À mon avis, il ne fait aucun doute que dans ces circonstances, mes collègues et moi, en tenant compte de l'avis de l'intimé, aurions entendu des arguments concernant l'utilisation de l'autorité en vertu de Section 216 30Le droit de procédure pénaleet au mieux condamner le demandeur pour l'infraction d'agression.
De plus, même au cours de la procédure comme en pratique – la remise d'un avis au nom de la défenderesse environ une semaine plus tard – mais en supposant qu'il n'y aurait pas eu d'erreur dans la compréhension de la position de la défenderesse dans son avis du 26 septembre 2024, je peux témoigner que je n'aurais pas rejoint le jugement condamnant la requérante pour des infractions frauduleuses de viol après que la défenderesse ait retiré sa demande de condamnation pour cette infraction.
Quelles que soient les circonstances, ma position est que nous devrions aspirer à un résultat qui annule la condamnation du demandeur pour les infractions de viol frauduleux.

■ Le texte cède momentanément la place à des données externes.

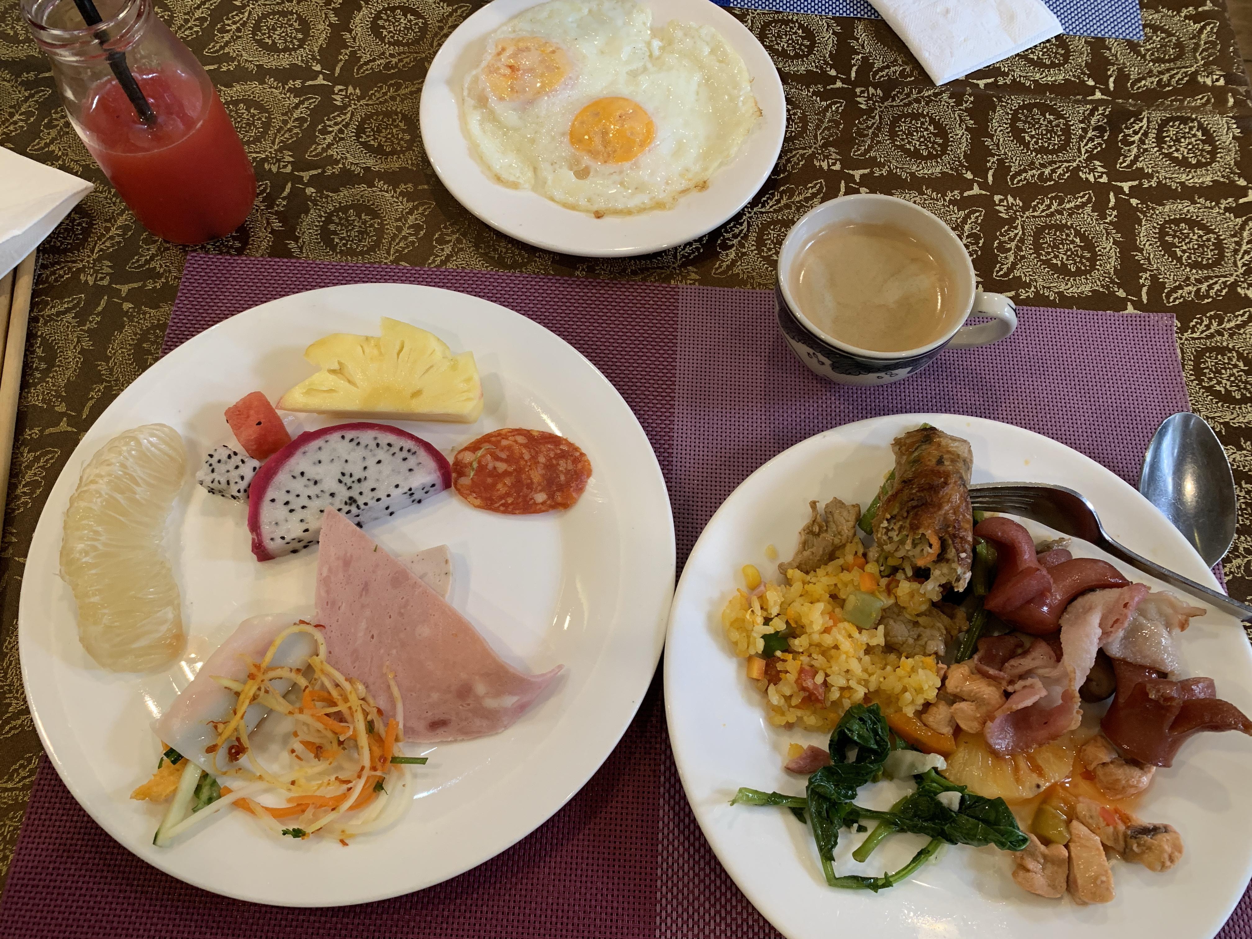 우리는 전날 밤에 저녁도 제대로 먹지 못하고 슬리핑버스를 탔기 때문에 거의 12시간을 아무것도 못 먹은 상태였다. 당연히 도착한 날은 조식을 먹을 수 없는 상태였는데 마침 직원분이 일인당 150,000동을( 7,500 정도) 내면 지금 조식을 먹을 수 있다고 말해주셔서 조식을 사랑하는 우리는 당장 그러겠다고 했다. 그리고 사파 호라이즌 호텔의 조식은 베트남에서 먹었던 호텔 조식 중에 가장 맛있었고 종류가 많았다.

- Mes collègues, le juge Stein et le juge Y. Elron, qui ont rejoint son opinion, estiment que la requête devant nous doit être rejetée, tout en laissant le jugement en appel en suspension. Leur position, en essence, repose sur l'idée qu'au final, et malgré la mauvaise interprétation de la position de l'intimé, la condamnation du demandeur pour des infractions de viol frauduleux est fondée sur la loi ; Étant donné que la cour d'appel a le pouvoir de condamner le demandeur pour les infractions de viol frauduleux malgré le retrait de la demande de condamnation par l'intimé pour ces infractions ; et l'opinion selon laquelle cette autorité doit être exercée dans notre affaire.
Mon opinion n'est pas la même que celle de mes collègues, mais avant d'exposer mon opinion, je voudrais retirer du chapitre deux arguments que le demandeur a répétés à plusieurs reprises, et qui, à mon avis, n'ont aucun fondement :
La première - L'argument selon lequel le défendeur a retiré l'appel. Comme l'a affirmé l'intimé et comme mon collègue l'a souligné, le juge א' שטיין, l'intimé a rétracté sa demande, qui était la base de l'appel qu'il avait déposé, de condamner le demandeur pour les infractions dont il était accusé dans l'acte d'accusation, mais a en même temps cherché à le condamner pour une autre infraction, et ce, dans le cadre de l'appel qu'elle avait déposé. La conclusion claire est que la défenderesse n'a pas retiré l'appel, ce qui était déjà évident dans son avis du 26 septembre 2024 (ce qui, selon la requérante, constitue un retrait de l'appel). En même temps, je note que je ne vois pas de place pour rejoindre la critique sévère, selon mon collègue, concernant la simple formulation de ledit argument, et contre l'avocat du demandeur qui l'a soulevé.